MA Music
About this course
Music is one of the oldest and most complex of human activities, and studying it at university level means engaging with it in all its dimensions: as a historical and cultural phenomenon, as a philosophical subject, and as a living practice. Academic music studies ask why music sounds the way it does, how musical traditions have developed and interacted across centuries and cultures, and what music means in the contexts in which it is made and heard. These questions connect to some of the deepest issues in aesthetics, social history, and cognitive science. At the University of Glasgow, this part-time programme is designed for students who bring both intellectual curiosity about music and some practical experience with it. You will explore technical, cultural, historical, and philosophical dimensions of the subject, moving between close analysis of musical works and broader questions about how music functions in society. The degree is structured to give you genuine flexibility: in each year, you can choose from a range of options both within music and across other subjects, allowing you to design a pathway that reflects your particular interests and strengths. A year abroad is built into the programme, giving you the opportunity to study music in a different cultural and academic environment, an experience that invariably deepens your understanding of how musical traditions are shaped by the contexts that produce them.

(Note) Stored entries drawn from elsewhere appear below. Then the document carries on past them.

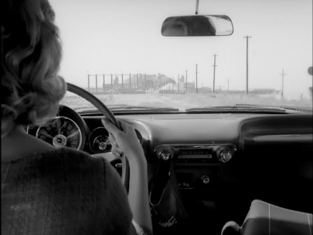 There's a few very special moments while she is driving the car that really stand out in my mind. We are given a morbid shot of a ghastly face watching Mary from the passenger side window. What makes this images so disturbing is the fact that the car is moving along at a good pace and the figure is just hovering there at the window. The way the man is lit also effects the impact of the shot. A glowing light shines up into his face as he locks eyes with Mary's character, causing her to scream out in shock. It's a great moment in the film and it's one of many.
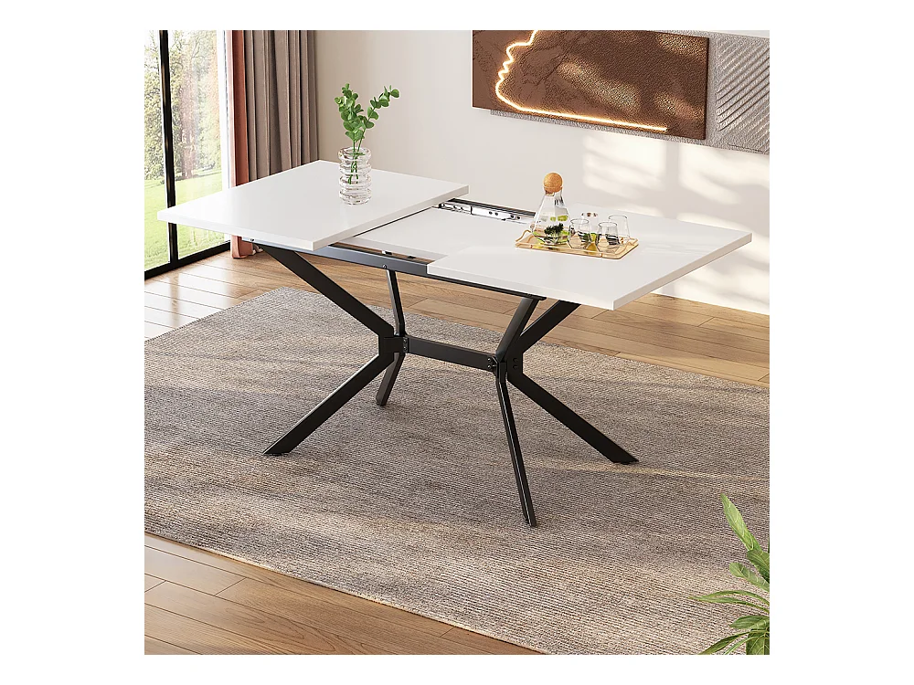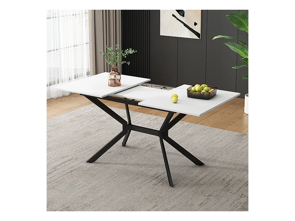 Table à manger extensible - 120 /160 x 80 x 66.1 cm - pieds en forme d'étoile - MDF + Métal - blanc
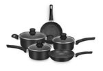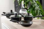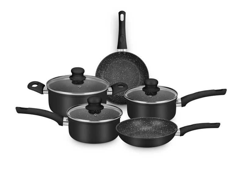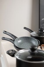 CONJUNTO SERENA PRETO MTA 8567 COM 5 PEÇAS — cerâmica premium, estética preta elegante e performance gourmet para cozinhar melhor e servir com mais sofisticação. Se você valoriza sabor, textura e apresentação, este conjunto eleva sua rotina à experiência de um ateliê culinário: aquecimento rápido e uniforme, liberação fácil dos alimentos e controle total do preparo — do fogão à mesa. Com design sereno e acabamento em preto profundo, o Serena Preto harmoniza beleza e técnica. As tampas de vidro temperado permitem acompanhar o ponto sem perder calor, enquanto o revestimento cerâmico oferece superfície naturalmente lisa, preservando cor, suculência e crocância dos ingredientes. A estrutura em alumínio distribui o calor de forma eficiente, acelera o preparo e favorece menor consumo de energia. Versátil, o conjunto é compatível com fogões de indução e outras fontes de calor, garantindo resultados consistentes em qualquer cozinha. Para uma experiência gourmet consciente, o conjunto é livre de PFOA, Chumbo e Cádmio — mais saúde no prato e tranquilidade no dia a dia. O conforto vem dos cabos e alças com revestimento soft‑touch: pegada segura, toque macio e estabilidade ao manipular e servir. O resultado é um equilíbrio impecável entre estética, técnica e prazer à mesa. Conteúdo da caixa (5 peças): Panela Nº 16 com tampa (32×17×9,5 cm); Panela Nº 18 com tampa (34×19×10,5 cm); Frigideira Nº 18 (34×19×6,3 cm); Frigideira Nº 20 (36×21×6,5 cm); Caçarola Nº 20 com tampa (34×21×11 cm). Na prática: use a Nº 16 para molhos e reduções sedosas; a Nº 18 para risotos e grãos no ponto; a frigideira 18 para selar cortes delicados e saltear legumes; a frigideira 20 para dourar porções maiores com distribuição uniforme; e a caçarola 20 para cozimentos lentos, caldos aromáticos e ensopados reconfortantes. Diferenciais que se traduzem em resultado no prato: revestimento cerâmico que facilita a liberação e a limpeza; alumínio que acelera e homogeneíza o aquecimento; tampas de vidro que oferecem controle visual; compatibilidade com indução para máxima eficiência; preparo rápido e uniforme com economia de energia; materiais seguros, livres de substâncias nocivas; cabos soft‑touch para conforto e segurança em todas as etapas. Dica de cuidado para preservar o brilho e a longevidade do acabamento: prefira a limpeza manual e utensílios não abrasivos (produto não vai à lava‑louças). Pronto para cozinhar em outro nível? Garanta agora o CONJUNTO SERENA PRETO MTA 8567 COM 5 PEÇAS e eleve sua arte culinária — transforme cada refeição em um momento inesquecível, com elegância à vista e performance que você sente no primeiro garfo. Compre hoje e dê à sua cozinha a assinatura gourmet que ela merece.
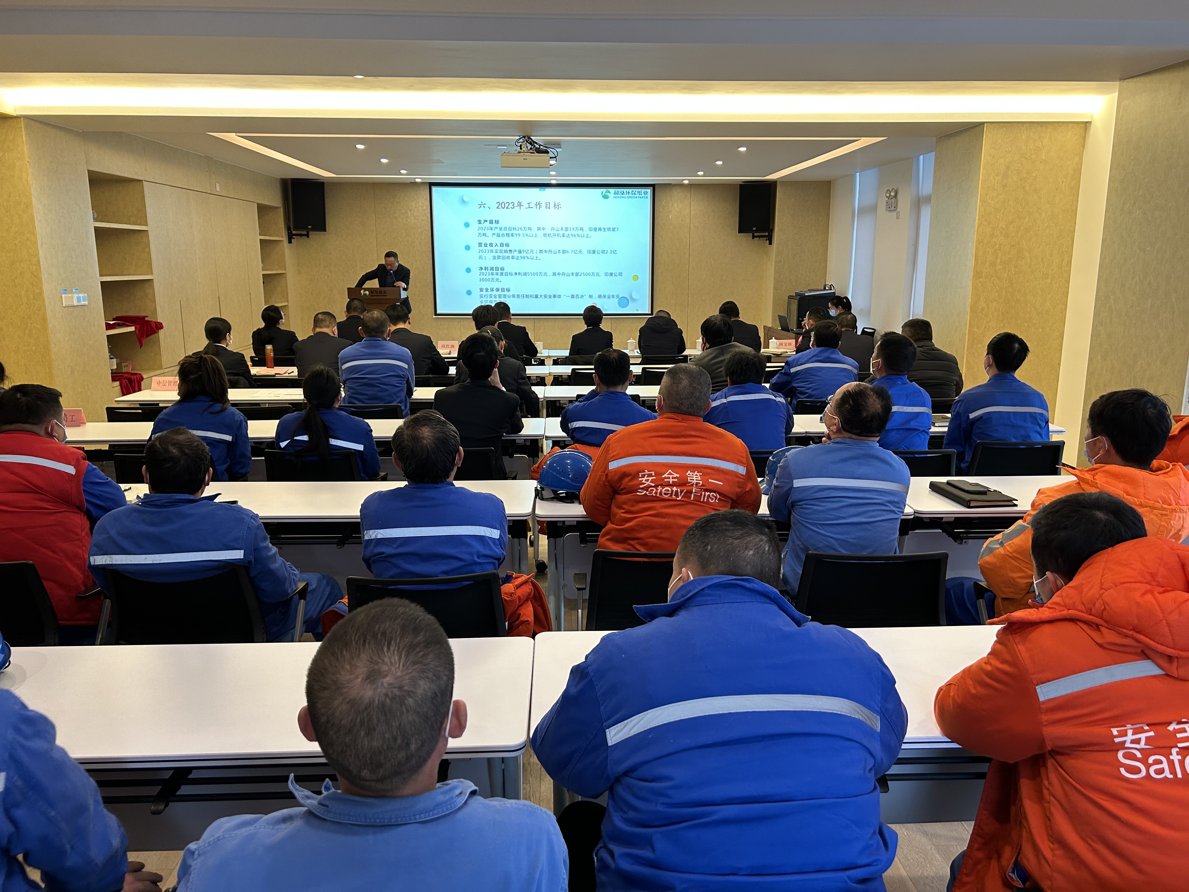 踔厉奋发,焕新起航。为总结2022年度工作完成情况,表彰先进并部署2023年度目标任务,1月17日下午,和泓纸业召开“2022年度工作总结暨2023年动员大会”,集团总裁林刚、公司总经理应红波、总工程师李茂龙等人员参加了会议。
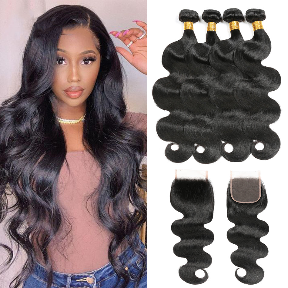 Body Wave Remy Human Hair 4 Bundles With 4*4 Lace Closure
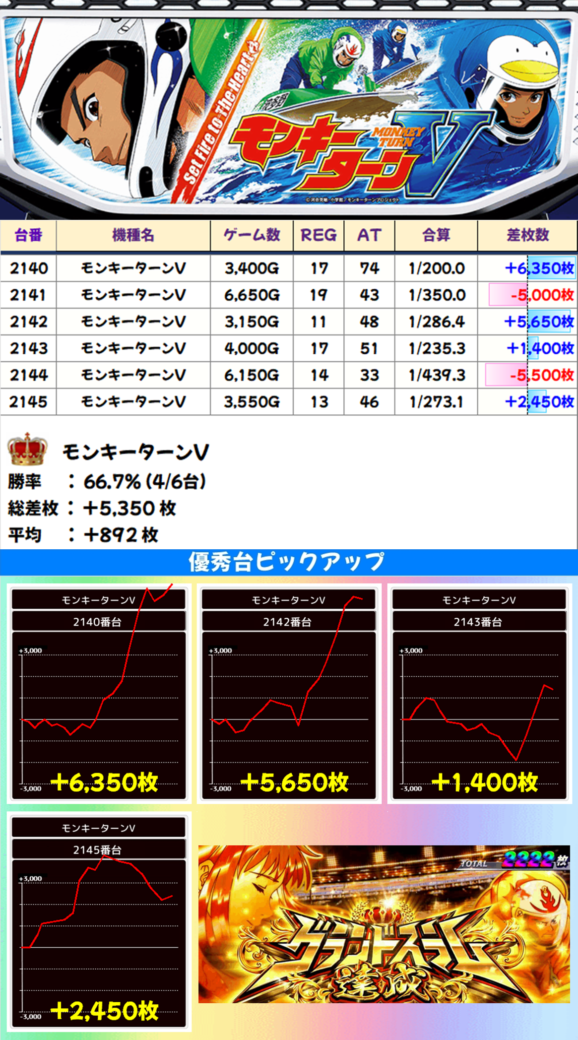 6台設置の「モンキーターンV」も1/2系濃厚。結果は平均差枚+892枚で4台がプラス差枚。プラスの台は結果が出ている、マイナスの台もしっかり打ち込まれている。全台系だった可能性も?

Music graduates leave with a combination of analytical rigour, cultural knowledge, and creative sensitivity that is valued across many fields. Some go on to careers as performers, composers, or sound designers, while others move into music education, arts administration, broadcasting, journalism, or the music industry. The critical and communication skills developed through the degree transfer well into law, the civil service, publishing, and a range of other professions. Postgraduate study in musicology, composition, music education, or arts management is a natural continuation for those wishing to specialise further.